Die Geschichte von Messerschmitt und FMR ist eine der ungewöhnlichsten der deutschen Automobilgeschichte – geboren aus Kriegsfolgen, Erfindungsgeist und dem unbändigen Wunsch der Deutschen nach Mobilität.

Fritz Fend war der eigentliche Vater des Kabinenrollers. Der Flugzeugingenieur hatte nach dem Zweiten Weltkrieg zunächst dreirädrige Invalidenfahrzeuge gebaut, den sogenannten Fend Flitzer. Schon früh erkannte er, dass auch gesunde Menschen diese praktischen Kleinstfahrzeuge kauften. 1952 wandte er sich an Willy Messerschmitt, dessen Regensburger Rüstungsbetrieb nach dem Krieg keine Flugzeuge mehr bauen durfte. Die Zusammenarbeit war für beide Seiten ideal: Fend brachte das Konzept, Messerschmitt die Produktionskapazitäten.
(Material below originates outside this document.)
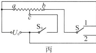 【优化设计】为方便操控,再增加一个单刀双掷开关 $ \mathrm{S} $,通过开关 $ \mathrm{S}_0 $ 的通断和 $ \mathrm{S} $ 在 $ 1 $、$ 2 $ 触点间的切换,实现加热垫 $ P_0 $、$ P_1 $ 和 $ P_2 $ 三挡功率的变换. 请你在图丙中将各元件连接成符合优化要求的电路. 注意:无论怎样拨动开关,不能出现电源短路.
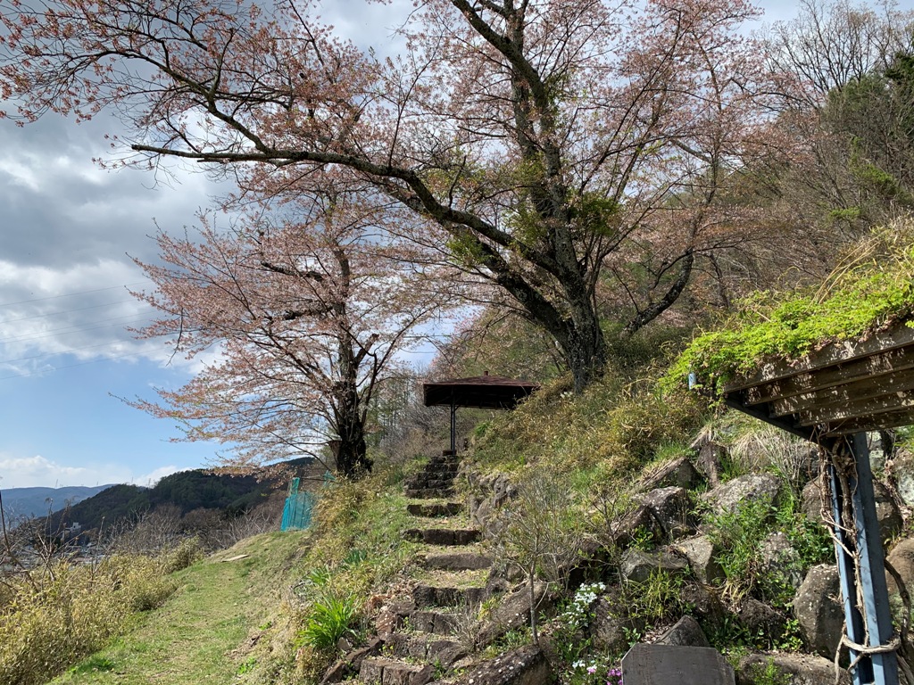 気を取り直して、向かって左側の山に向かう。東屋の先を左に入ったが、急坂のはっきりしない道で、途中で送電線方向に迷う。段丘状になっているのでそのまま進み、苦労はしたが30分程で目的の大和城主郭跡に着く。大和城跡には桜植樹記念碑があり、土塁がはっきり認められた。往路は道らしき踏み跡があったので、それを辿って行くと小さな祠二つと鳥居の所に出た。そこからも急坂の滑り易い踏み跡で苦戦して帰りつく。

Im Februar 1953 rollte der erste KR175 vom Band – „KR" steht für Kabinenroller, also „Roller mit Kabine". Das Fahrzeug war radikal anders als alles, was die Deutschen bis dahin kannten: Tandemsitzanordnung wie im Cockpit eines Jagdflugzeugs, eine seitlich aufklappende Plexiglashaube, ein 173-cm³-Fichtel-&-Sachs-Zweitaktmotor mit 9 PS und ein Gewicht von nur 210 kg. Rund 15.000 Exemplare entstanden bis 1955.
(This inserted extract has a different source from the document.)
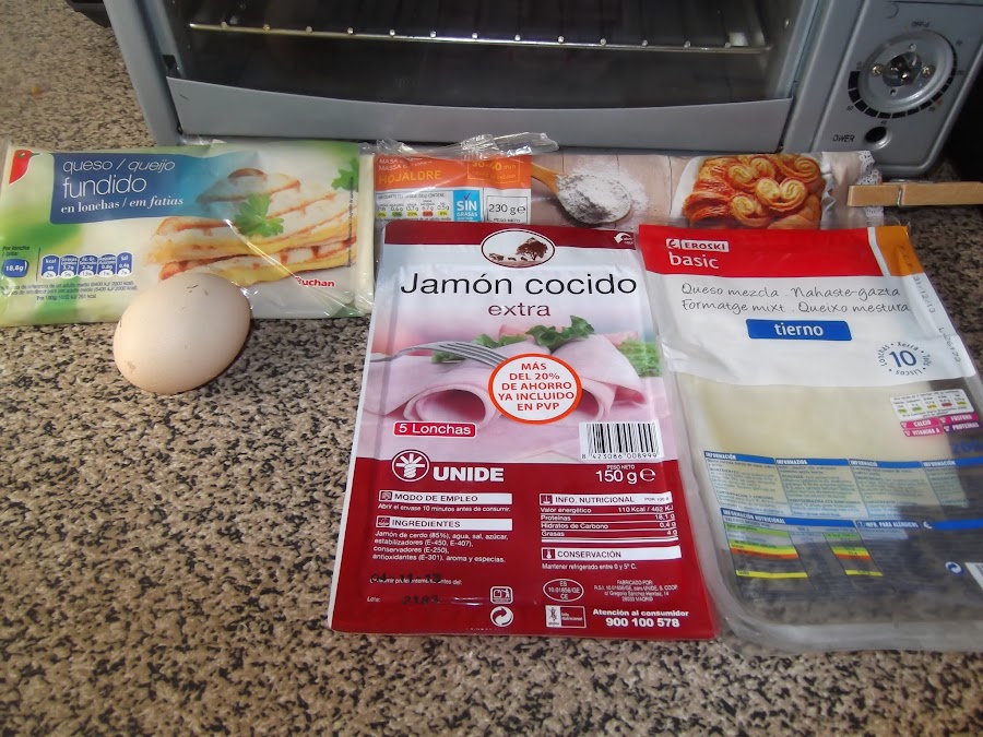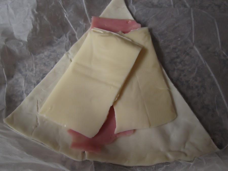 El siguiente paso es rellenar cada porción de masa, ponéis un trozo de queso y otro de jamón o dos de queso y uno de jamón como queráis. Podéis utilizar tranchetes u otro queso de lonchas, si utilizáis los primeros se os van a quedar más derretidos, pero eso como más os gusten.
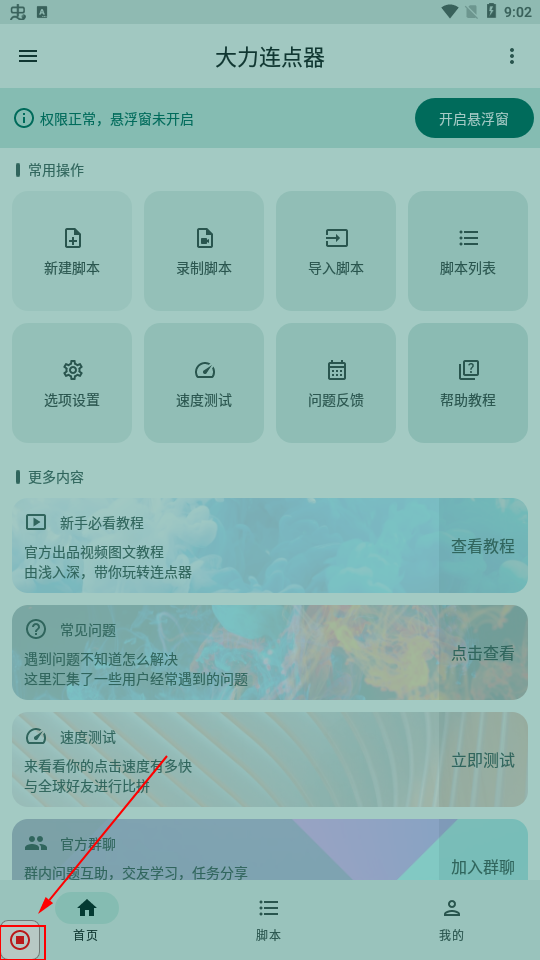 4、录制完毕后记得关闭脚本录制,如下图所示,这时候你就拥有了一个连点脚本啦。

1955 folgte der KR200 – eine umfassende Überarbeitung mit 191-cm³-Motor (10 PS), verbesserter Federung mit Hydraulikstoßdämpfern, größeren Reifen und einer überarbeiteten Haube. Der KR200 wurde zum eigentlichen Verkaufsschlager: Im ersten Jahr allein wurden fast 12.000 Stück verkauft. Insgesamt entstanden 30.286 Exemplare bis 1964. Besonders begehrt sind heute die Kabriolett-Versionen (ab 1958) und der offene KR201 Roadster.

1956 änderte sich die Unternehmensstruktur grundlegend: Messerschmitt durfte wieder Flugzeuge bauen und zog sich aus dem Kleinstwagengeschäft zurück. Fend übernahm gemeinsam mit dem Bremsen- und Nabenzulieferer Valentin Knott die Produktion und gründete die Fahrzeug- und Maschinenbau GmbH Regensburg (FMR). Der Name Messerschmitt blieb auf den Fahrzeugen erhalten, doch das neue FMR-Rautenlogo erschien auf späteren Modellen.
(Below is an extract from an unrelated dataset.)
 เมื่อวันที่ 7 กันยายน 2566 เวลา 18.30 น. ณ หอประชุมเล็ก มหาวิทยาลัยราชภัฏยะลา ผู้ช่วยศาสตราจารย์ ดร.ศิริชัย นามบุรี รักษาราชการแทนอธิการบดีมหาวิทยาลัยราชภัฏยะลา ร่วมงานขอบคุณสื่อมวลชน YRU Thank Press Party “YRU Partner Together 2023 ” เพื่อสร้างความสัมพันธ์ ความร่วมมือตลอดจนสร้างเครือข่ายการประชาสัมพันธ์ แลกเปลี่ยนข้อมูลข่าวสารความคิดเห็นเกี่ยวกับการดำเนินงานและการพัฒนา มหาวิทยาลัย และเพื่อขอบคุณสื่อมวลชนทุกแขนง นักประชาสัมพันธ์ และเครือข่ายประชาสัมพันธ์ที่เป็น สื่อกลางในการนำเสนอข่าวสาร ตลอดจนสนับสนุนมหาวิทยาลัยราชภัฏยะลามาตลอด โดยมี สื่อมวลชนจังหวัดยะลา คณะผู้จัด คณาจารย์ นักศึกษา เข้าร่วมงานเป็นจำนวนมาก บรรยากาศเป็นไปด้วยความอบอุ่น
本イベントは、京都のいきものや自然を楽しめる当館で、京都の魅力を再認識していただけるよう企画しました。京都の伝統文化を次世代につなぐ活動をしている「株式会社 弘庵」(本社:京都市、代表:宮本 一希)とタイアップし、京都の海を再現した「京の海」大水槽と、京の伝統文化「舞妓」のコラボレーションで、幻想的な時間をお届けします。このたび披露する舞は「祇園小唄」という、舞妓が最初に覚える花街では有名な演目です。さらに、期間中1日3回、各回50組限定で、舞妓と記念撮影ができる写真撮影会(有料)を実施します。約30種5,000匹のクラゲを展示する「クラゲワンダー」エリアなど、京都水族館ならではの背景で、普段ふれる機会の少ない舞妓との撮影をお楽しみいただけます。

Das Kronjuwel der FMR-Ära war der Tg500, intern und unter Fans bis heute „Tiger" genannt – obwohl Krupp den Namen rechtlich schützen ließ. Ab 1958 gebaut, war der Tg500 eine echte Sensation: Vier Räder statt drei, ein 494-cm³-Zweizylinder-Zweitaktmotor mit 20 PS, Hydraulikbremsen und unabhängige Hinterradaufhängung. Nur 320 Exemplare entstanden bis 1961, bevor steigende Wohlstandsansprüche das Konzept des Kleinstfahrzeugs obsolet machten. Die Produktion des KR200 lief 1964 aus.

Highlights & Besonderheiten

Was macht den Messerschmitt Kabinenroller so besonders – und warum fasziniert er Sammler bis heute?

Flugzeug-DNA in Reinform: Die Plexiglashaube, die seitlich aufklappt wie eine Cockpitkanzel, der Steuerknüppel statt eines Lenkrads, die Tandemsitzanordnung – Fritz Fend hat seine Flugzeugingenieurserfahrung direkt in das Fahrzeugdesign übertragen. Der Spitzname „Schneewittchensarg" (wegen der transparenten Haube) zeigt, wie sehr das Fahrzeug die Fantasie der Menschen beflügelte.

Vier Rückwärtsgänge: Beim KR200 gibt es keinen separaten Rückwärtsgang. Stattdessen wird der Anlasser in umgekehrter Richtung betätigt, wodurch der Motor rückwärts läuft – und damit alle vier Vorwärtsgänge auch als Rückwärtsgänge zur Verfügung stehen. Theoretisch ist der KR200 damit rückwärts genauso schnell wie vorwärts.

Weltrekordfahrzeug: Am 29./30. August 1955 stellte ein modifizierter KR200 auf dem Hockenheimring 22 internationale Geschwindigkeitsrekorde für dreirädrige Fahrzeuge bis 250 cm³ auf, darunter den 24-Stunden-Rekord mit 103 km/h Durchschnittsgeschwindigkeit.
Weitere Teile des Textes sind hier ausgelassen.